No interactions on record
No interactions on record
Explore head-to-head clinical comparisons of other medications in the same therapeutic classes.
Common clinical questions about CAPITROL vs 8-HOUR BAYER, answered by our medical review team.
CAPITROL is a Topical Antimicrobial that works by Ciclopirox is a hydroxypyridine antifungal agent that inhibits the uptake of essential elements and amino acids, disrupts fungal cell membrane integrity, and chelates polyvalent cations (e.g., Fe3+, Al3+), inhibiting metal-dependent enzymes such as cytochromes and catalase.. 8-HOUR BAYER is a NSAID that works by Irreversibly acetylates cyclooxygenase-1 (COX-1) and cyclooxygenase-2 (COX-2), inhibiting prostaglandin and thromboxane A2 synthesis, leading to analgesic, antipyretic, anti-inflammatory, and antiplatelet effects.. They differ in pharmacokinetic profiles, FDA-approved indications, and side effect profiles.
Potency comparisons between CAPITROL and 8-HOUR BAYER depend on the specific clinical indication. These are agents from distinct pharmacological classes and are not directly interchangeable by dose. A physician or clinical pharmacist should guide any therapeutic switching decisions.
The standard adult dose of CAPITROL is: Apply 1 m L of 1% shampoo twice weekly for 4 weeks, then weekly for maintenance. Use on wet hair, lather for 2-3 minutes, rinse thoroughly.. The standard adult dose of 8-HOUR BAYER is: 325-650 mg every 8 hours for pain/fever; 81-325 mg daily for cardiovascular prophylaxis.. Dosing should always be individualized based on indication, renal and hepatic function, age, and other patient factors.

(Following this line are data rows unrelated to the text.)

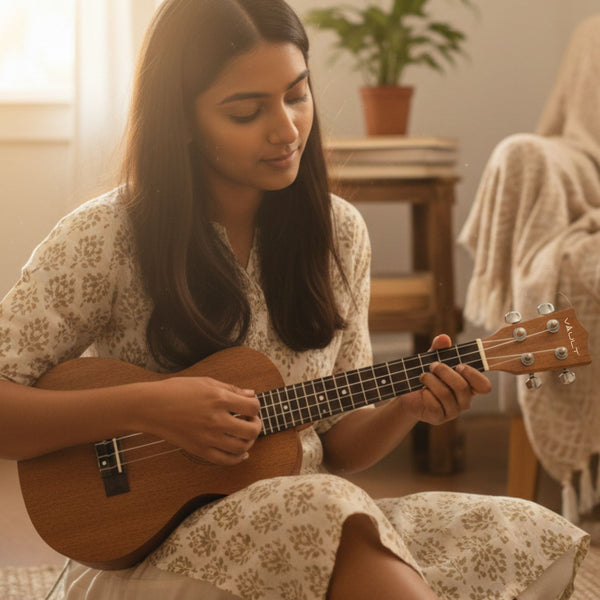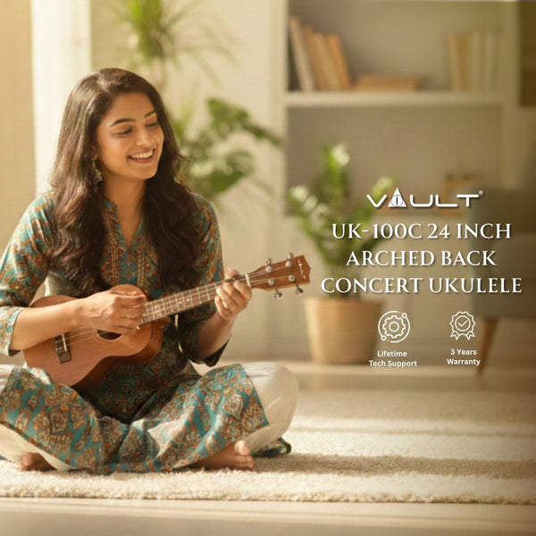 Vault UK-100 is a 24 inch Concert Ukulele With Gig Bag. It has a sturdy construction and is portable and easy to use outdoors. Mahogany Laminate Neck, Sapele Back and Sides with a Techwood Fretboard create rich, clean and warm tones. Add the high quality strings and you get the Vault UK-100 Concert Ukulele, which is the best concert option for beginners and professionals alike.
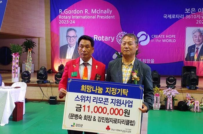 [제주교통복지신문 김강석 기자] 지난 4일, 강진청자로타리클럽과 강진청자로타리클럽에 새롭게 취임한 문병숙 회장이 각 550만 원씩 총 1,100만 원을 강진군에 기탁했다.
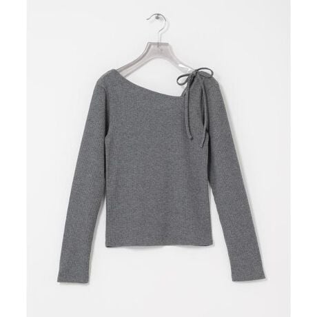 デコルテから肩にかけてのラインを美しく魅せるアシンメトリーなカッティングに、華奢なリボンディテールを添えて、モードさと女性らしさを絶妙なバランスで表現しました。
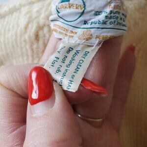 Tag reads: Carbery, Hand knit, 100% pure wool, Made in the Republic of Ireland
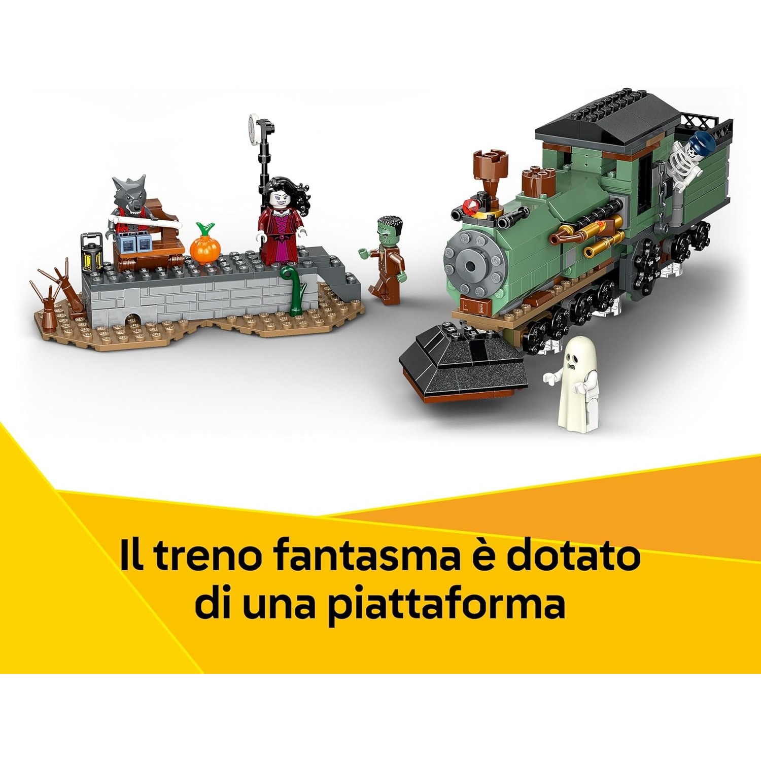 - Tre modelli da assemblare, uno alla volta: una casa stregata a due piani, una nave LEGO e un treno fantasma.

No direct drug-drug interaction has been formally documented between CAPITROL and 8-HOUR BAYER in current clinical databases. However, individual patient risk factors including other medications, organ function, and comorbidities should always be evaluated by a qualified healthcare provider.
The maternal-fetal safety profiles differ. CAPITROL is classified as Category C. No adequate human studies; animal studies not available. Only minimal systemic absorption occurs with topical scalp application; theoretical risk low. First trimester: unlikely to . 8-HOUR BAYER is classified as Category C. First trimester: No well-controlled studies. Avoid use unless clearly needed. Second and third trimesters: Aspirin should be avoided due to risk of premature closure of ductus arte. Always consult a maternal-fetal medicine specialist before taking either drug during pregnancy or lactation.